WORKING DATA:

┌──

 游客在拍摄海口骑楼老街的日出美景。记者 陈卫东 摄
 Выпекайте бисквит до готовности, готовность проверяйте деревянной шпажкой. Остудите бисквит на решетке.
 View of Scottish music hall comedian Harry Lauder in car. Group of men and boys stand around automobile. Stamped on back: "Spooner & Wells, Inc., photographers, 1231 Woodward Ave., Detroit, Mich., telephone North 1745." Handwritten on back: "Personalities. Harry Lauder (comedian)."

└──
┌──

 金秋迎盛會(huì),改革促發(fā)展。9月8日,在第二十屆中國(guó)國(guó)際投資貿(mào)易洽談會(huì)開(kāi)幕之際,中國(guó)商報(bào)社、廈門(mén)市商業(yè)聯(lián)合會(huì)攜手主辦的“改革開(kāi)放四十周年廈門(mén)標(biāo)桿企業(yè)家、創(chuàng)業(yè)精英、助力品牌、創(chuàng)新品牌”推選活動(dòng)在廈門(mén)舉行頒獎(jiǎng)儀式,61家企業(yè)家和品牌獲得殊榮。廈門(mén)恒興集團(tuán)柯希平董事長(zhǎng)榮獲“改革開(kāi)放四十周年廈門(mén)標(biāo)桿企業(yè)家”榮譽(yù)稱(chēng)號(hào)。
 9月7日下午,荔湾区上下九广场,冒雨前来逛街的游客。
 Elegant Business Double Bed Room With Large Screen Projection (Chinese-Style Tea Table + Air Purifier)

└──
┌──

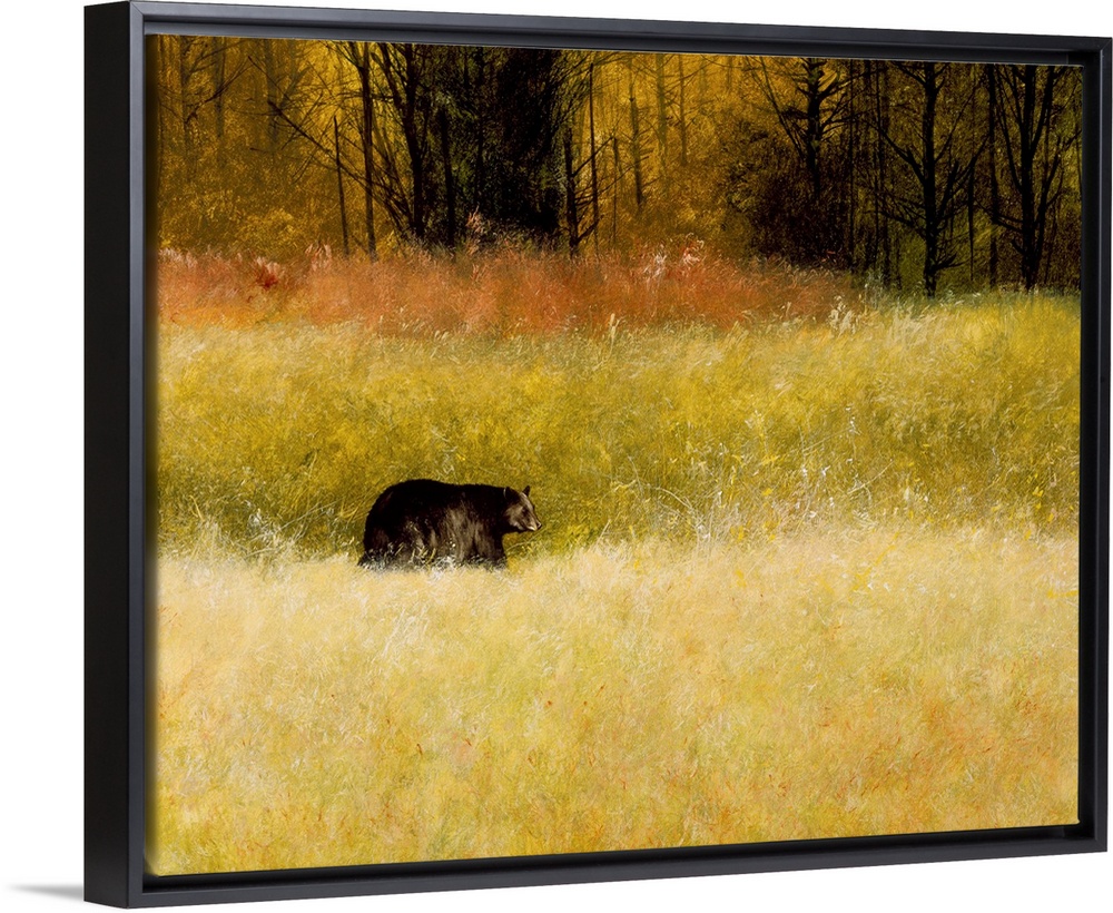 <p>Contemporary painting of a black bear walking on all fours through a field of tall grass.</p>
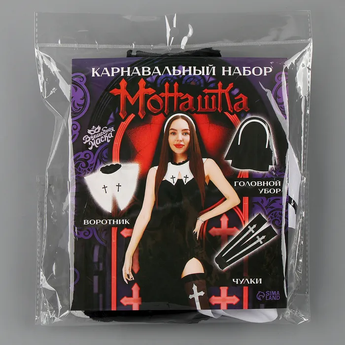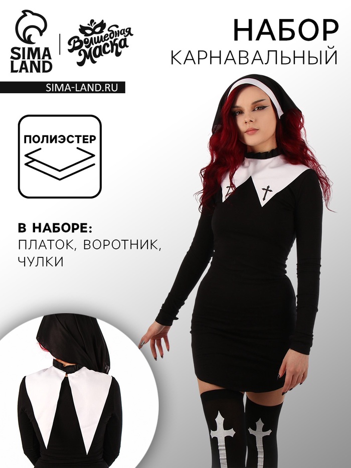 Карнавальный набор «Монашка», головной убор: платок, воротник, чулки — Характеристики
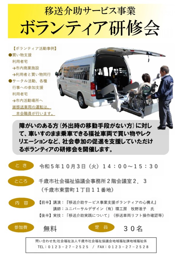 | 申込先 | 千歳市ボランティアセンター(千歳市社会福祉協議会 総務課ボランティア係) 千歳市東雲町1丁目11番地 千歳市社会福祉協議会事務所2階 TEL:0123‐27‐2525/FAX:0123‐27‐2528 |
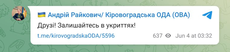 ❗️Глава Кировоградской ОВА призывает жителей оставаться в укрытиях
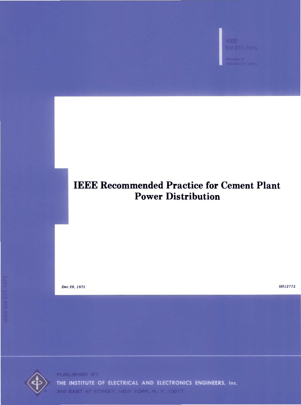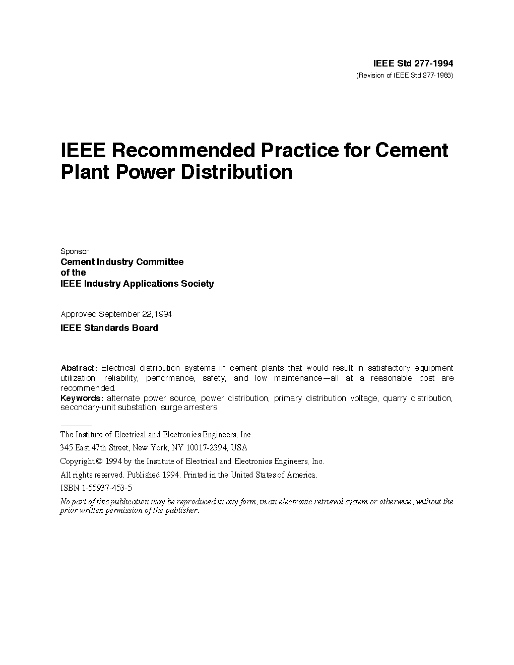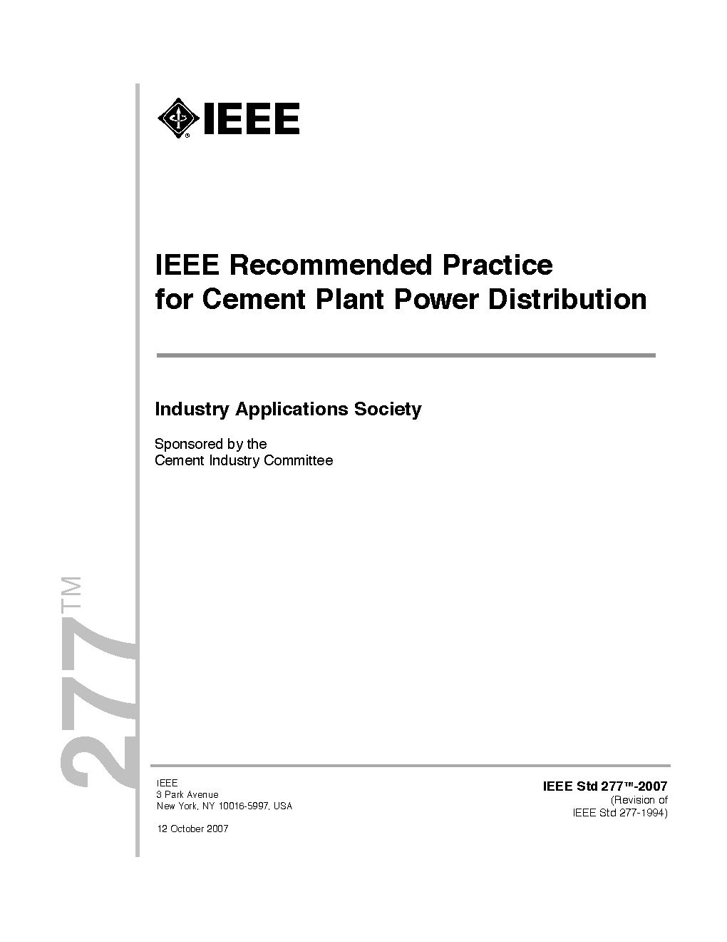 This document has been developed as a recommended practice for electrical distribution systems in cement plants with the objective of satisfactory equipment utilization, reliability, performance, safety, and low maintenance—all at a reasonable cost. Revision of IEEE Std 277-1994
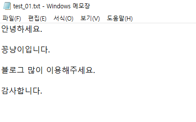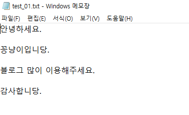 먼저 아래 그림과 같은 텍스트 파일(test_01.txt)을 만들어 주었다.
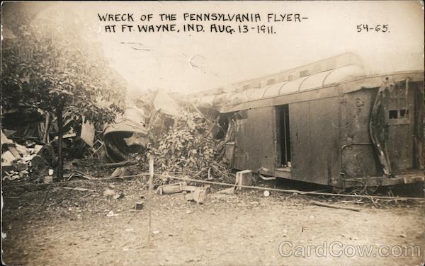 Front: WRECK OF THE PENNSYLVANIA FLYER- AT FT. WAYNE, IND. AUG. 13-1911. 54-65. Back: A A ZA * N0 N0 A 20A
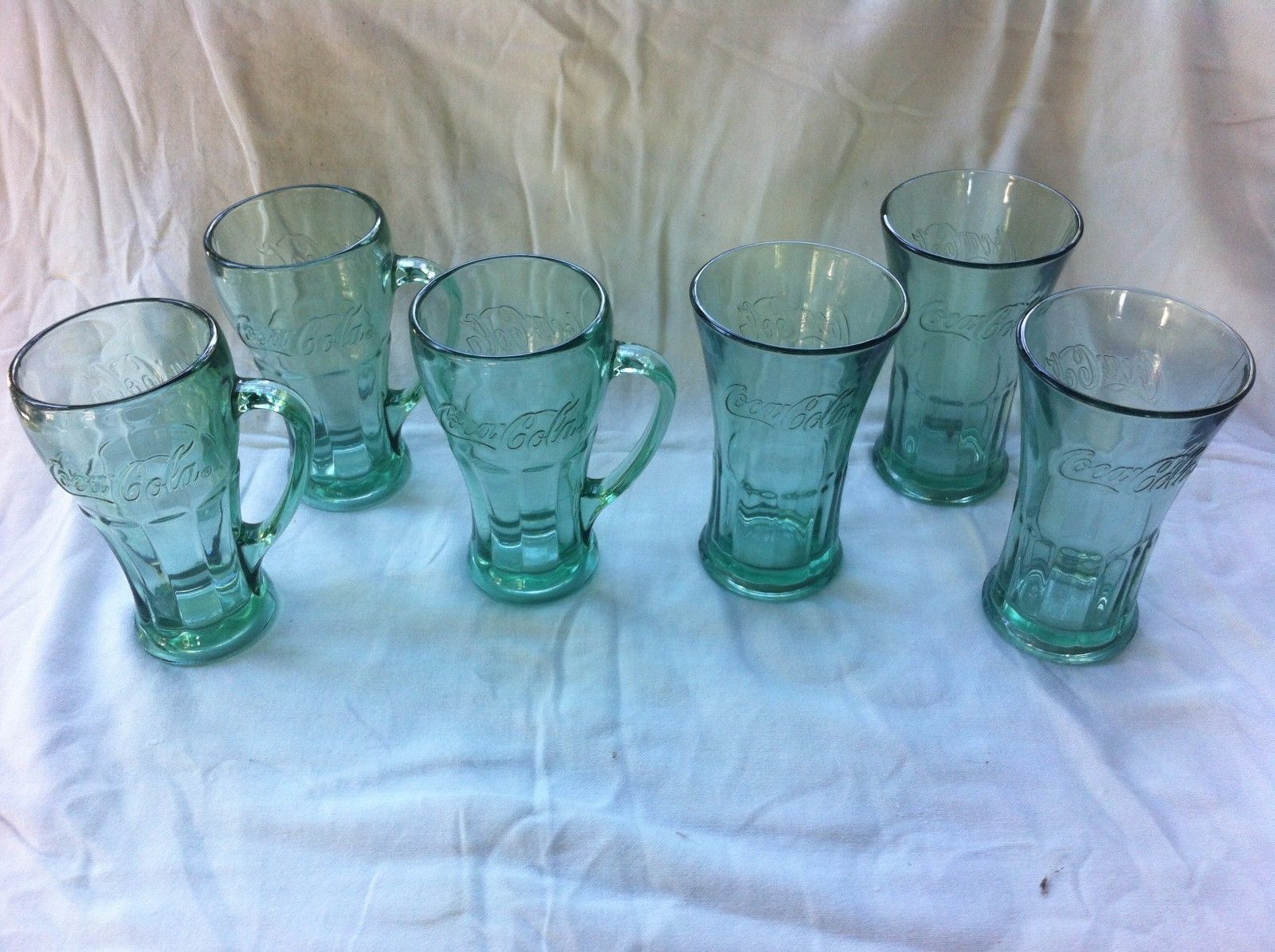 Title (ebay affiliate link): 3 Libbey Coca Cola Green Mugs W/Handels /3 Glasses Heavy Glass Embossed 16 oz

└──

TASK DETAILS: Copy out the range of lines above starting at the line with "9月7日下午,荔湾区上下九广场,冒雨前来逛街的游客。" and ending at the line with "Elegant Business Double", exactly and including both.

SOLVED EXERCISE:
 9月7日下午,荔湾区上下九广场,冒雨前来逛街的游客。
 Elegant Business Double Bed Room With Large Screen Projection (Chinese-Style Tea Table + Air Purifier)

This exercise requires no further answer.